_EXERCISE REQUIREMENTS:_ Pictures stay out of the copy. Everything else in the records must be repeated exactly.

_SOURCE DATA:_

==================================================

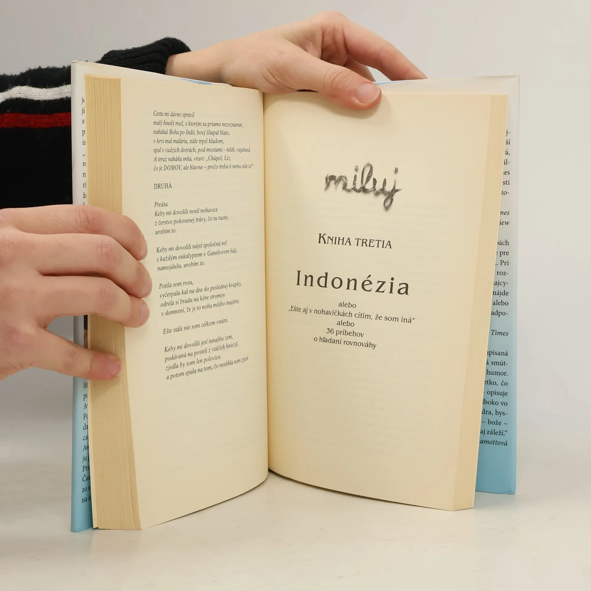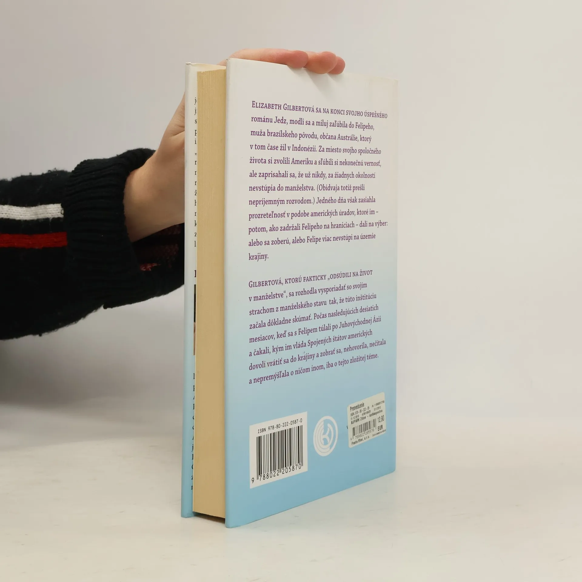 Voľné pokračovanie románu Jedz, modli sa a miluj! Elizabeth Gilbertová sa na konci svojho úspešného románu zaľúbila do Felipeho, muža brazílskeho pôvodu žijúceho v Indonézii. Spoločne sa rozhodli žiť v Amerike a sľúbili si vernosť, avšak bez manželstva, ktoré obaja zažili v nepríjemných rozvodoch. Ich plány sa zmenili, keď americké úrady zadržali Felipeho na hraniciach a dali im na výber: buď sa vezmú, alebo Felipe nebude môcť vstúpiť do krajiny. Gilbertová sa rozhodla čeliť svojmu strachu z manželstva a začala túto inštitúciu dôkladne skúmať. Počas desiatich mesiacov, keď sa s Felipem túlali po Juhovýchodnej Ázii a čakali na povolenie vrátiť sa do USA, sa sústredila len na túto zložitú tému. Príbeh rozpráva o jej snahe zmieriť sa s manželstvom prostredníctvom úvah, štúdia dejín a rozhovorov s rôznymi ľuďmi. Gilbertová otvorene preskúmava otázky kompatibility, vernosti, rodinnej tradície, očakávaní spoločnosti a rizík rozvodu. Rúcajú sa mýty a vyvracajú obavy, pričom sa hľadá historická perspektíva. Kniha sa stáva oslavou lásky so všetkými jej zložitými dôsledkami v reálnom svete.
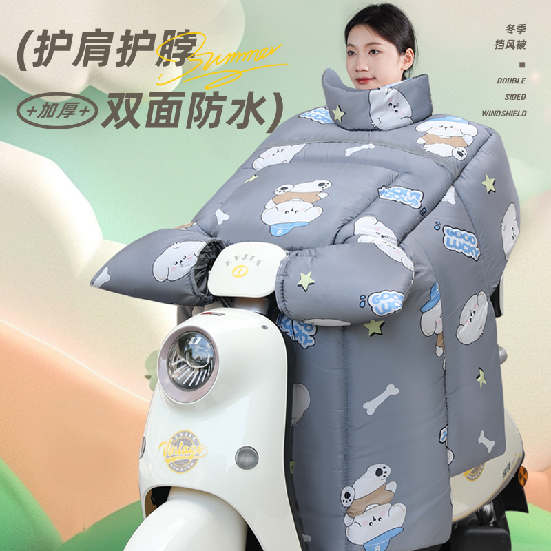 电动车挡风被双面防水新款加大号电瓶车防风被冬季加绒加厚法兰绒
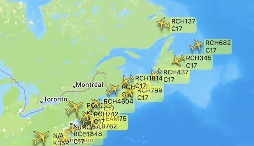 ABŞ Hərbi Hava Qüvvələrinə məxsus nəhəng “C-17 Globemaster III” hərbi-nəqliyyat təyyarələrindən ibarət böyük bir qrup Atlantik okeanını keçərək Yaxın Şərq istiqamətində irəliləyir.
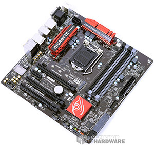 Pas d’innovation côté design, c’est du vu et revu ce mélange de rouge et marron noir associé depuis quelque temps au terme gaming. La où GIGABYTE pèche c’est sur le placement du premier slot PCIe 3.0 x16. Ne pas pouvoir monter un ventirad à moulin de 140mm sur une carte Gaming peut sembler étrange. D’un autre côté, le µATX appelle à l’utilisation de boîtiers de tailles plus réduites qui ne permettent pas forcément d’accueillir ce genre d’engins. Soyez donc prévenus.
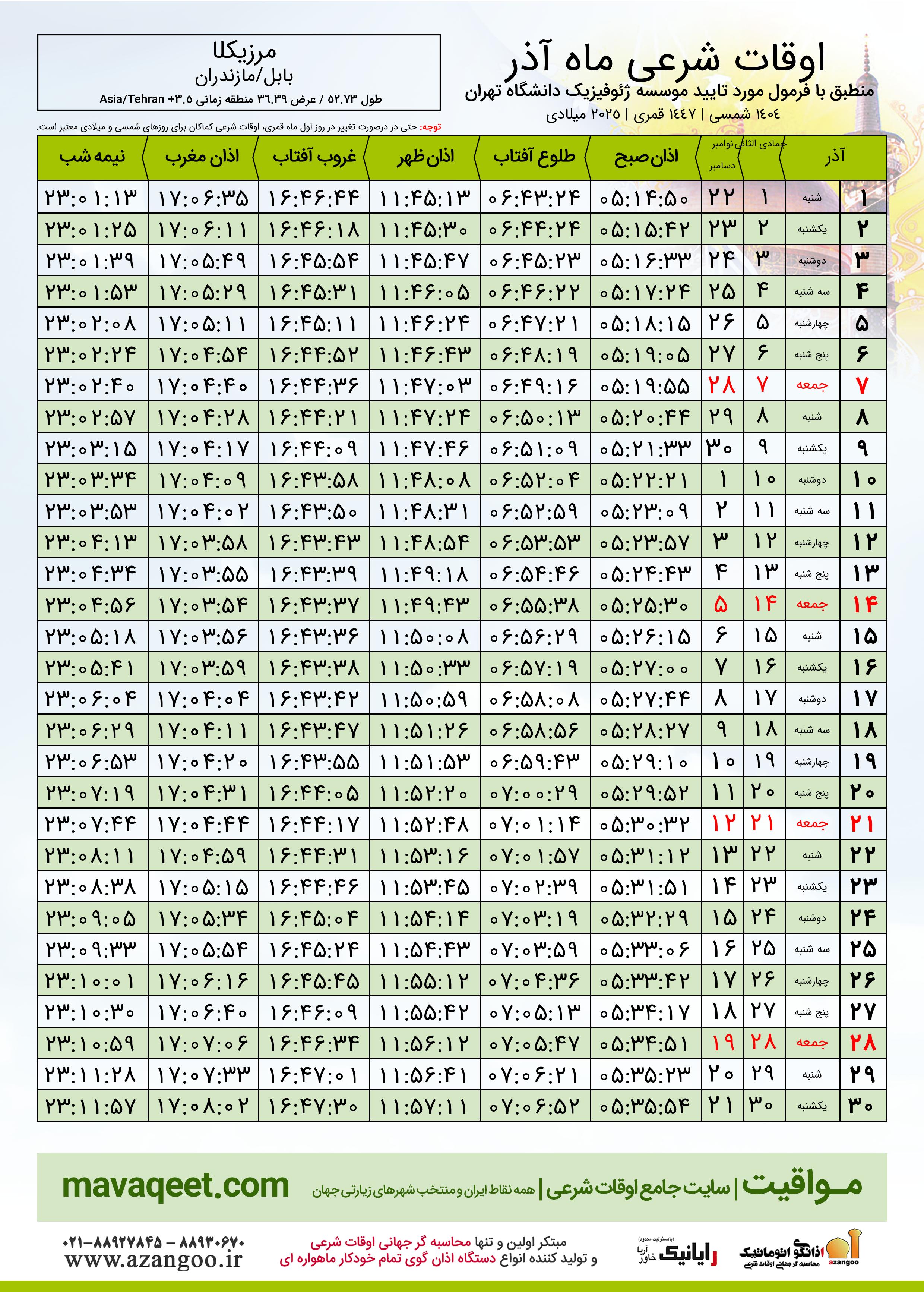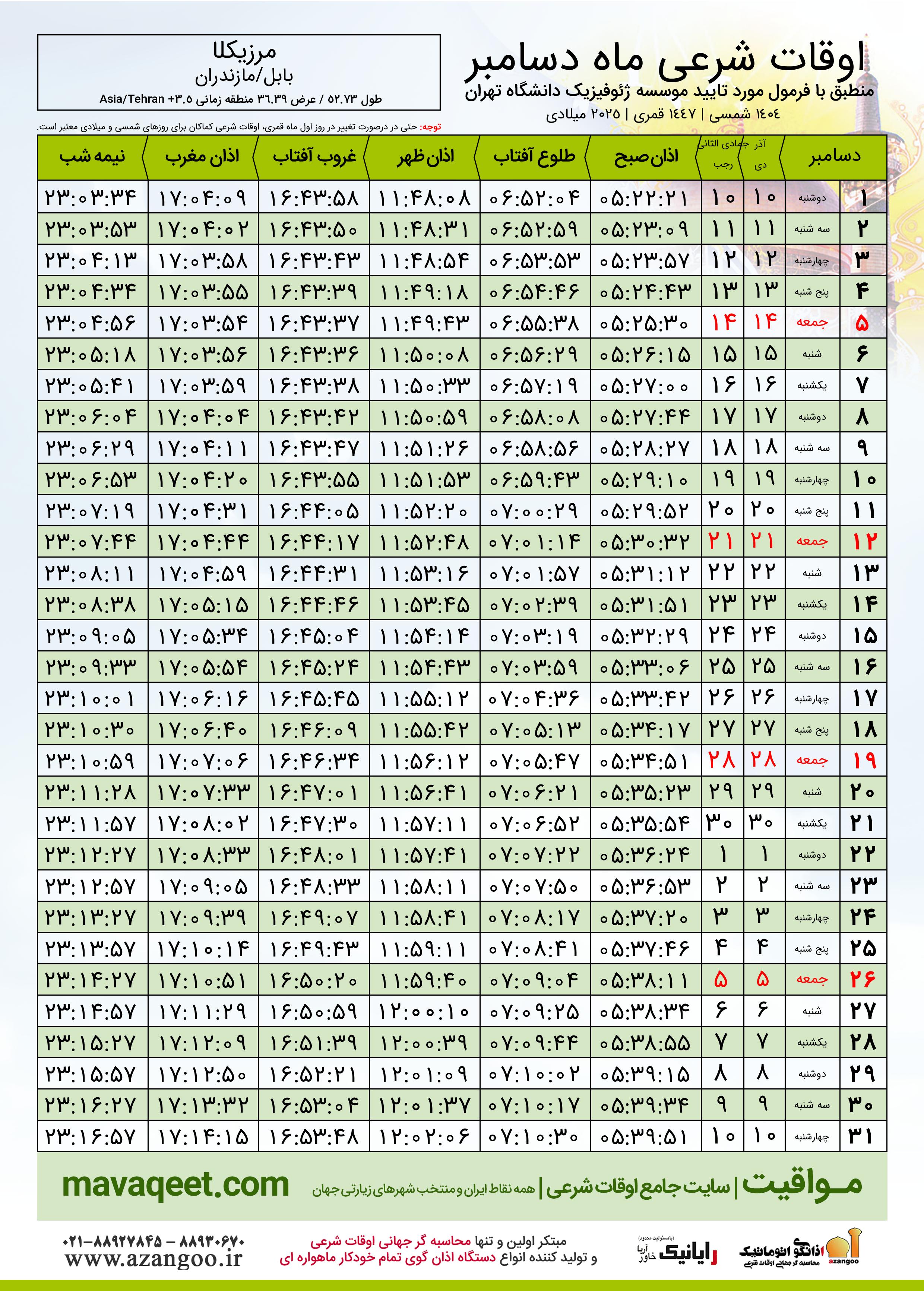 جدول اوقات شرعی آذر ١٤٠٤ شمسی شهر مرزیکلا

==================================================

_WRITTEN REPLY:_
 Voľné pokračovanie románu Jedz, modli sa a miluj! Elizabeth Gilbertová sa na konci svojho úspešného románu zaľúbila do Felipeho, muža brazílskeho pôvodu žijúceho v Indonézii. Spoločne sa rozhodli žiť v Amerike a sľúbili si vernosť, avšak bez manželstva, ktoré obaja zažili v nepríjemných rozvodoch. Ich plány sa zmenili, keď americké úrady zadržali Felipeho na hraniciach a dali im na výber: buď sa vezmú, alebo Felipe nebude môcť vstúpiť do krajiny. Gilbertová sa rozhodla čeliť svojmu strachu z manželstva a začala túto inštitúciu dôkladne skúmať. Počas desiatich mesiacov, keď sa s Felipem túlali po Juhovýchodnej Ázii a čakali na povolenie vrátiť sa do USA, sa sústredila len na túto zložitú tému. Príbeh rozpráva o jej snahe zmieriť sa s manželstvom prostredníctvom úvah, štúdia dejín a rozhovorov s rôznymi ľuďmi. Gilbertová otvorene preskúmava otázky kompatibility, vernosti, rodinnej tradície, očakávaní spoločnosti a rizík rozvodu. Rúcajú sa mýty a vyvracajú obavy, pričom sa hľadá historická perspektíva. Kniha sa stáva oslavou lásky so všetkými jej zložitými dôsledkami v reálnom svete.
 电动车挡风被双面防水新款加大号电瓶车防风被冬季加绒加厚法兰绒
 ABŞ Hərbi Hava Qüvvələrinə məxsus nəhəng “C-17 Globemaster III” hərbi-nəqliyyat təyyarələrindən ibarət böyük bir qrup Atlantik okeanını keçərək Yaxın Şərq istiqamətində irəliləyir.
 Pas d’innovation côté design, c’est du vu et revu ce mélange de rouge et marron noir associé depuis quelque temps au terme gaming. La où GIGABYTE pèche c’est sur le placement du premier slot PCIe 3.0 x16. Ne pas pouvoir monter un ventirad à moulin de 140mm sur une carte Gaming peut sembler étrange. D’un autre côté, le µATX appelle à l’utilisation de boîtiers de tailles plus réduites qui ne permettent pas forcément d’accueillir ce genre d’engins. Soyez donc prévenus.
 جدول اوقات شرعی آذر ١٤٠٤ شمسی شهر مرزیکلا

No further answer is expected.